Tautness for sets of multiples and applications to ${\mathcal B}$-free dynamics
Tom 247 / 2019
Streszczenie
For any set $\mathcal B\subseteq\mathbb N=\{1,2,\dots\}$ one can define its set of multiples $\mathcal M_\mathcal B:=\bigcup_{b\in\mathcal B}b\mathbb Z$ and the set of $\mathcal B$-free numbers $\mathcal F_\mathcal B:=\mathbb Z\setminus\mathcal M_\mathcal B$. Tautness of the set $\mathcal B$ is a basic property related to questions around the asymptotic density of $\mathcal M_\mathcal B\subseteq\mathbb Z$. From a dynamical systems point of view (originated in Sarnak’s lectures) one studies $\eta$, the indicator function of $\mathcal F_\mathcal B\subseteq\mathbb Z$, its shift-orbit closure $X_\eta\subseteq\{0,1\}^\mathbb Z$ and the stationary probability measure $\nu_\eta$ defined on $X_\eta$ by the frequencies of finite blocks in $\eta$. In this paper we prove that tautness implies the following two properties of $\eta$:
$\bullet$ The measure $\nu_\eta$ has full topological support in $X_\eta$.

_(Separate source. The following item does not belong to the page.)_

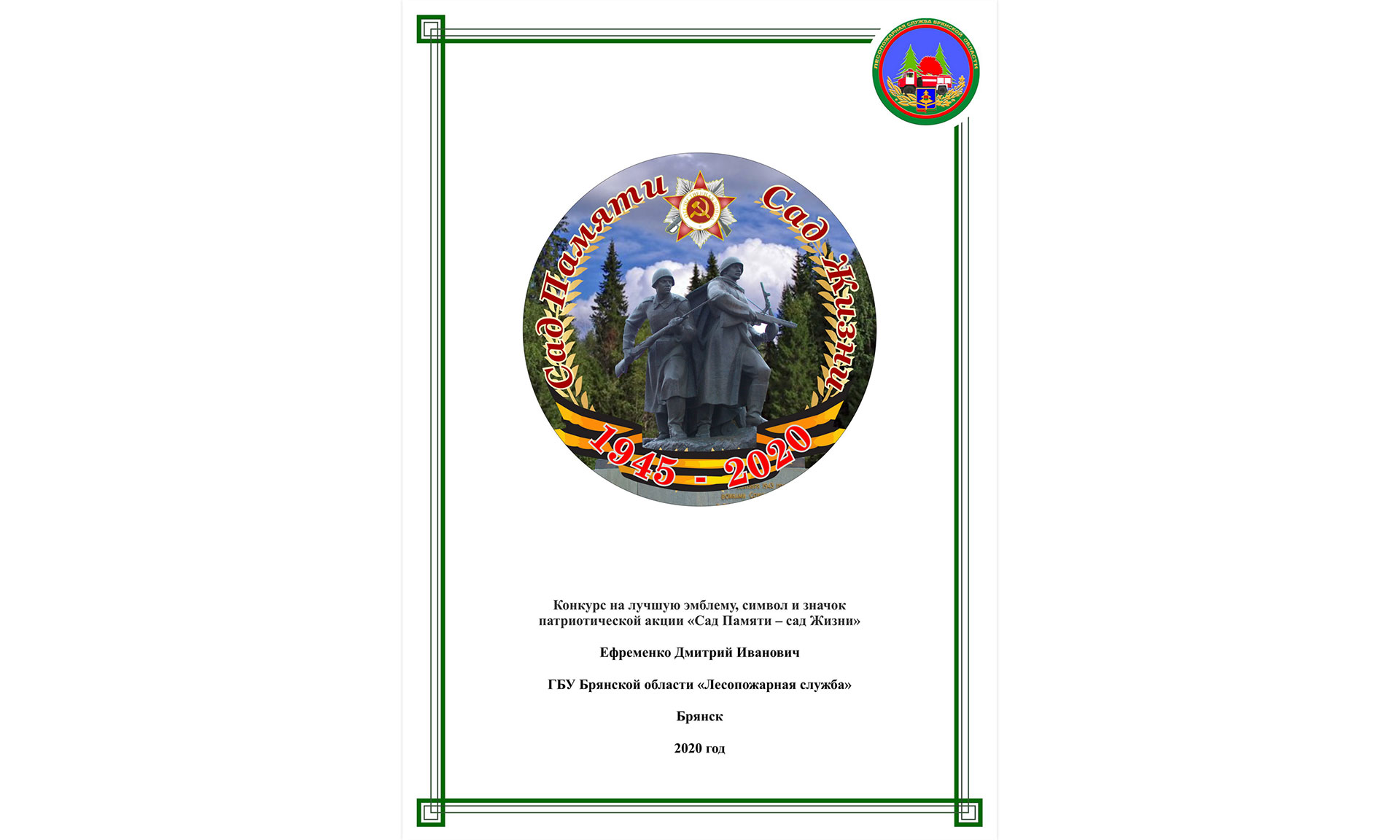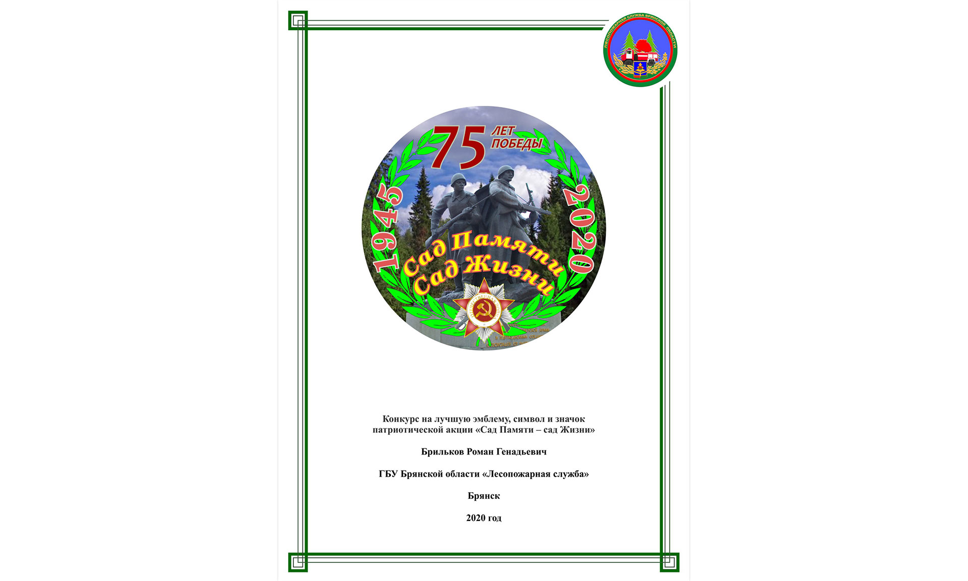 В начале 2020 года, объявленного годом памяти и славы в России, управлением лесами Брянской области дан старт конкурсу на лучшую эмблему, символ и значок патриотической акции «Сад памяти — сад жизни» среди работников подведомственных учреждений.

$\bullet$ If $X_\eta$ is proximal, i.e. if the one-point set $\{\dots000\dots\}$ is contained in $X_\eta$ and is the unique minimal subset of $X_\eta$, then $X_\eta$ is hereditary, i.e. if $x\in X_\eta$ and if $w$ is an arbitrary element of $\{0,1\}^\mathbb Z$, then also the coordinatewise product $w\cdot x$ belongs to $X_\eta$.
This strengthens two results of Dymek et al. (2018) which need the stronger assumption that $\mathcal B$ has light tails for the same conclusions.